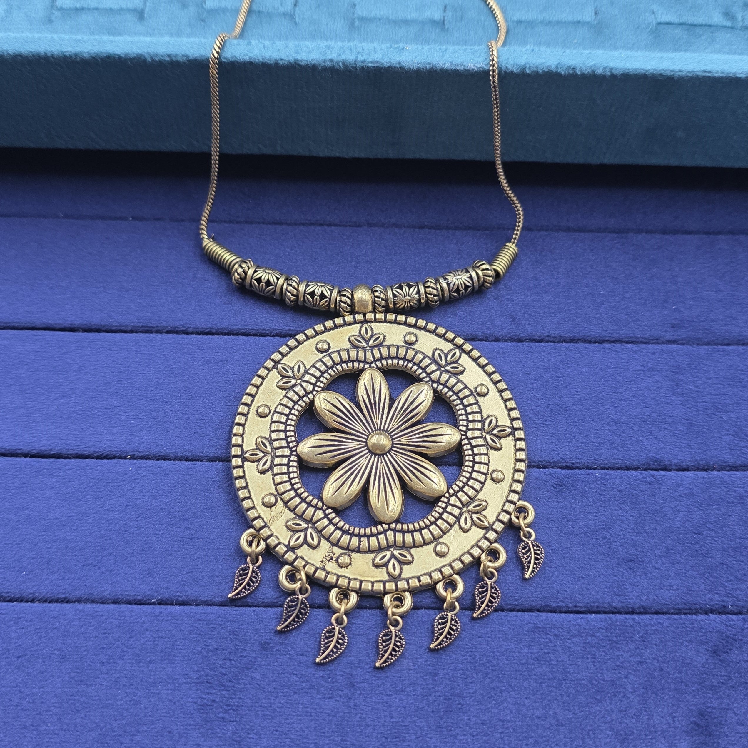 oxidized antique gold or bronze-tone finish six-petal flower motif
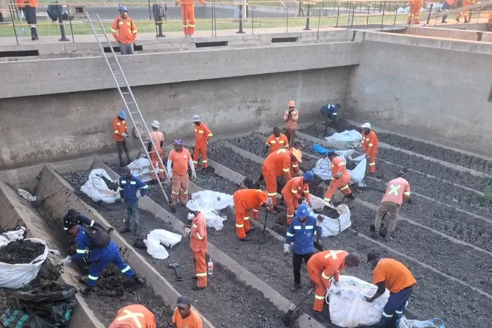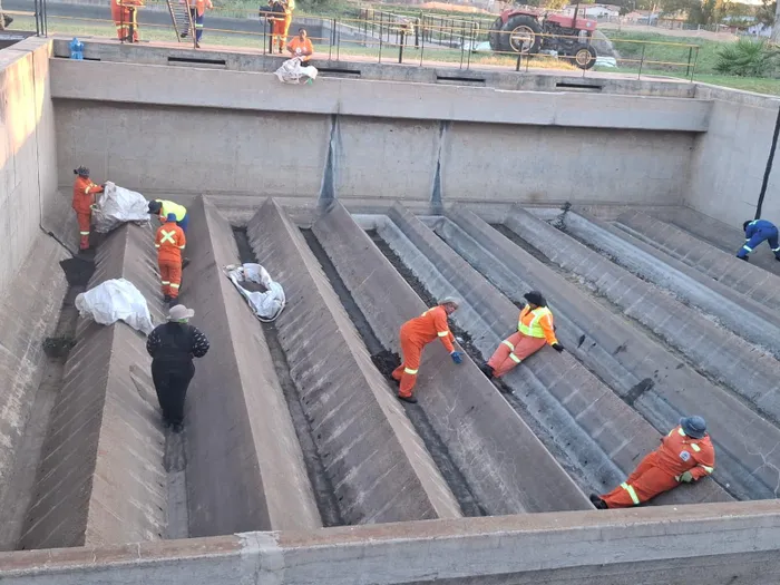 Municipal teams at work during a major clarifier clean-up at the old Riverton water treatment plant as efforts intensify to boost water supply to Kimberley. Sol Plaatje Municipality
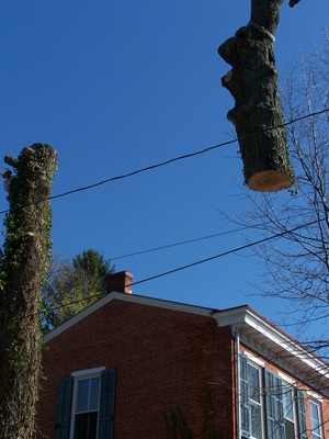 Removing a 200 year old uprooted Apple tree.

▸ TASK INSTRUCTIONS: The whole of the data needs to be copied word for word, though not its pictures.

▸ WORKED SOLUTION:
 oxidized antique gold or bronze-tone finish six-petal flower motif
 Municipal teams at work during a major clarifier clean-up at the old Riverton water treatment plant as efforts intensify to boost water supply to Kimberley. Sol Plaatje Municipality
 Removing a 200 year old uprooted Apple tree.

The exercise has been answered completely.